Reproduce the entries below exactly, but only from the line containing "Boarding suitcase 2026" to the line containing "開展夏季送清涼活動15次,為", inclusive.
(DATA SUPPLIED Opens)
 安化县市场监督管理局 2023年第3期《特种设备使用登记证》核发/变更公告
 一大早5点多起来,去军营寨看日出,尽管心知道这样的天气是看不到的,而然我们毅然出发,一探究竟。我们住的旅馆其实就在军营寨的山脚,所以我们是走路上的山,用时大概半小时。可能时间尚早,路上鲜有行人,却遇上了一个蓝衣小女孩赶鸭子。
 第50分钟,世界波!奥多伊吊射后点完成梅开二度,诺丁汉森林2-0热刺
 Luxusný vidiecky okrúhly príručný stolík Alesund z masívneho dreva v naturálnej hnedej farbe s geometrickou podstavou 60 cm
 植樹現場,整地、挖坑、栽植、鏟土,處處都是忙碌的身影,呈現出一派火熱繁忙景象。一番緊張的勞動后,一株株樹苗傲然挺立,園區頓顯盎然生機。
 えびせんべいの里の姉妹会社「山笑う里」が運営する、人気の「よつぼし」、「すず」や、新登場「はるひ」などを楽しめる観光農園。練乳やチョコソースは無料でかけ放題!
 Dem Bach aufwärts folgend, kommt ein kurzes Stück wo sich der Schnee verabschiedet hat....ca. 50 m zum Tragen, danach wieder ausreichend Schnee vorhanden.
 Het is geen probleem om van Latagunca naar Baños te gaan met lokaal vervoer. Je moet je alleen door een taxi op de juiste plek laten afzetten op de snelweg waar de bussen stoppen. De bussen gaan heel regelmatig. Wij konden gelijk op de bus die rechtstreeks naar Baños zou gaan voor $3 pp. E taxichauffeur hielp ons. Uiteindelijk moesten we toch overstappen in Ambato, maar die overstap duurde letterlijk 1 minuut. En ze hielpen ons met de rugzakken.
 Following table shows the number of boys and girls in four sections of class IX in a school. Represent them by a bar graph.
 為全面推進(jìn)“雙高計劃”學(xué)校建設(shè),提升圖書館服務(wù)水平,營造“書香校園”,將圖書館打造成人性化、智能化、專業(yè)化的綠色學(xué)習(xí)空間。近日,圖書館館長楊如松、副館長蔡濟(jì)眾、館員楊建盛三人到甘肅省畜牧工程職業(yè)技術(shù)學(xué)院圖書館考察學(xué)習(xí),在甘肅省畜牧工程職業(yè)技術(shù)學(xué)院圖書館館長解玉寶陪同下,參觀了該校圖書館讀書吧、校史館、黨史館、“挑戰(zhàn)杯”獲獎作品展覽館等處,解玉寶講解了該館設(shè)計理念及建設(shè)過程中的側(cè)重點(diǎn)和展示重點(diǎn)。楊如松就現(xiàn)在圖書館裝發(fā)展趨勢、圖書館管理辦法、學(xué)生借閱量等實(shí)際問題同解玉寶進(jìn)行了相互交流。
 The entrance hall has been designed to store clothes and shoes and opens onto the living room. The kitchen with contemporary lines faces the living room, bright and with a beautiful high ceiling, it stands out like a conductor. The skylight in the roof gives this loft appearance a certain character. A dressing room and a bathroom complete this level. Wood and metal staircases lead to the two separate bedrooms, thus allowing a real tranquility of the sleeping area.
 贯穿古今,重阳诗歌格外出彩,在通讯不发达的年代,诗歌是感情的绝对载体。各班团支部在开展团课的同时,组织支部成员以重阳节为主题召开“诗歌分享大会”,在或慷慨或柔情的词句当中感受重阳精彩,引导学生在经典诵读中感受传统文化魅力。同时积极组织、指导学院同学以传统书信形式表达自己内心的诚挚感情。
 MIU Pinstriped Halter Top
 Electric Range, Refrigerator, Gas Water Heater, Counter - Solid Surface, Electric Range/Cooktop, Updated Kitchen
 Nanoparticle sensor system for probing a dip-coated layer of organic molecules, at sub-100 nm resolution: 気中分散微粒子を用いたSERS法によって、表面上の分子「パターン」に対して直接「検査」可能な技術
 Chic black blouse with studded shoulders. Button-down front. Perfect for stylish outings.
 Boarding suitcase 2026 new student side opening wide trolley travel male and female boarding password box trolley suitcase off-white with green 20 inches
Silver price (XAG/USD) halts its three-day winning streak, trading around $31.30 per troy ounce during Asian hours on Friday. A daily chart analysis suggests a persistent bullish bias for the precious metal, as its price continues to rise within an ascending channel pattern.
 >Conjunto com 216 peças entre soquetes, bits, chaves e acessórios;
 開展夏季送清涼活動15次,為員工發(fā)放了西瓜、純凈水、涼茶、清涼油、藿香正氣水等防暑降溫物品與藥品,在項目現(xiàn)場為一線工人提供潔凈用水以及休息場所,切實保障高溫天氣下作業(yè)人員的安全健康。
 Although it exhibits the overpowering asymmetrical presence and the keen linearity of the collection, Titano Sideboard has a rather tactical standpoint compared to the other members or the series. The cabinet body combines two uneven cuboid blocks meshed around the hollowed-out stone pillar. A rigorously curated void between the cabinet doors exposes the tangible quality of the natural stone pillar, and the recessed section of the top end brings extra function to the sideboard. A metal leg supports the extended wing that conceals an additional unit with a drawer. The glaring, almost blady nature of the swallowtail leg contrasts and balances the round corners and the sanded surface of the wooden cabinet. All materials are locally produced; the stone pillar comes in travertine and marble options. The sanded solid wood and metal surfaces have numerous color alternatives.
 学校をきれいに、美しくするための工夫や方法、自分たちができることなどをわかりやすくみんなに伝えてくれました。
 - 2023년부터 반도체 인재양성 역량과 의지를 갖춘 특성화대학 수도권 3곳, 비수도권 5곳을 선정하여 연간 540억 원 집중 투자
(DATA SUPPLIED Closes)
SOLUTION BELOW
 Boarding suitcase 2026 new student side opening wide trolley travel male and female boarding password box trolley suitcase off-white with green 20 inches
Silver price (XAG/USD) halts its three-day winning streak, trading around $31.30 per troy ounce during Asian hours on Friday. A daily chart analysis suggests a persistent bullish bias for the precious metal, as its price continues to rise within an ascending channel pattern.
 >Conjunto com 216 peças entre soquetes, bits, chaves e acessórios;
 開展夏季送清涼活動15次,為員工發(fā)放了西瓜、純凈水、涼茶、清涼油、藿香正氣水等防暑降溫物品與藥品,在項目現(xiàn)場為一線工人提供潔凈用水以及休息場所,切實保障高溫天氣下作業(yè)人員的安全健康。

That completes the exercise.